Açıklama: Abdullah b. Bişr ile Süleyman b. Mihran arasında inkıta' vardır. Kültürümüzde Hadisler projesini ilgilendiren kısım: إِنَّ الرُّقَى وَالتَّمَائِمَ وَالتِّوَلَةَ شِرْكٌ
Bize Ârim, ona Hammâd, ona Eyyûb, ona Ebu Kılâbe, ona da Enes şöyle rivayet etmiştir: Ebu Talha ile Enes b. Nadr, Enes ibn Mâlik'e dağlama tedavisi uygulamışlar ve dağlamayı Ebu Talha bizzat kendi eliyle yapmıştır. Abbâd b. Mansur der ki: Bize Eyyûb, ona Ebu Kılâbe, ona da Enes b. Mâlik şöyle demiştir: Rasulullah (sav) Ensâr'dan bir hane halkına zehirli hayvanların zehrinden ve kulak ağrısından korunmak üzere rukye (okuyup üflemek) yoluyla tedaviye izin vermiştir. Yine Enes der ki: Rasulullah (sav) hayatta iken zatülcenp hastalığından dolayı bana dağlama tedavisi yapıldı. Ebu Talha, Enes b. Nadr ve Zeyd b. Sabit benim bu tedavimde hazır bulundu, Ebu Talha dağlamayı yaptı.
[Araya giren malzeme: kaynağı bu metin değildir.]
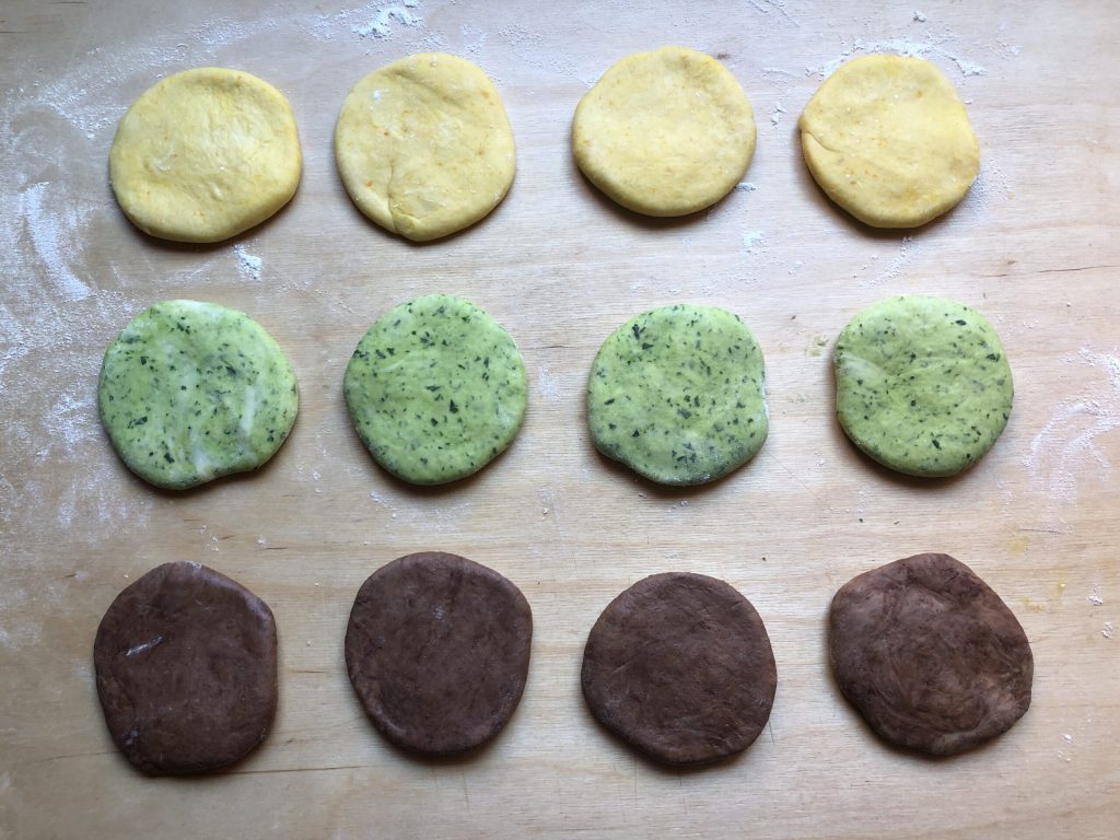 • Après l’heure de repos, casser la levée et ajouter la purée de citrouille, les épinards hachés et le cacao dans leurs pâtes respectives. Il sera probablement nécessaire d’ajouter une cuillère à soupe de lait à la pâte marron. Il faudra, par contre, un peu de farine (mais peu) dans les deux autres pâtes.

Bize Harun b. Hayyan, ona İbrahim b. Musa, ona Abde b. Süleyman, ona Ebu Cenab, ona Abdurrahman b. Ebu Leyla, ona da babası Ebu Leyla (ra) şöyle demiştir: Ben Hz. Peygamber'in (sav) yanında otururken bir bedevi huzura gelerek “hasta bir erkek kardeşim var” dedi. Peygamber (sav) "Kardeşinin hastalığı nedir?" diye sordu. Bedevi “Kardeşimde delilik var” dedi. Peygamber (sav) "Git de onu bana getir" buyurdu. Ebu Leylâ der ki: Bedevi de gidip onu getirdi ve Peygamber'in (sav) önünde oturttu. Ben, Peygamber'in (sav) ona şifaya kavuşması için Allah'a sığınarak Fatiha Suresi, Bakara suresinin başından dört ayet, ortalarından on ayet, Haşr suresinin sonundan üç ayet, İhlâs ve Muavvizeteyn surelerini okuduğunu işittim. Sonra bedevi şifaya kavuşup hiçbir rahatsızlığı kalmayarak ayağa kalktı.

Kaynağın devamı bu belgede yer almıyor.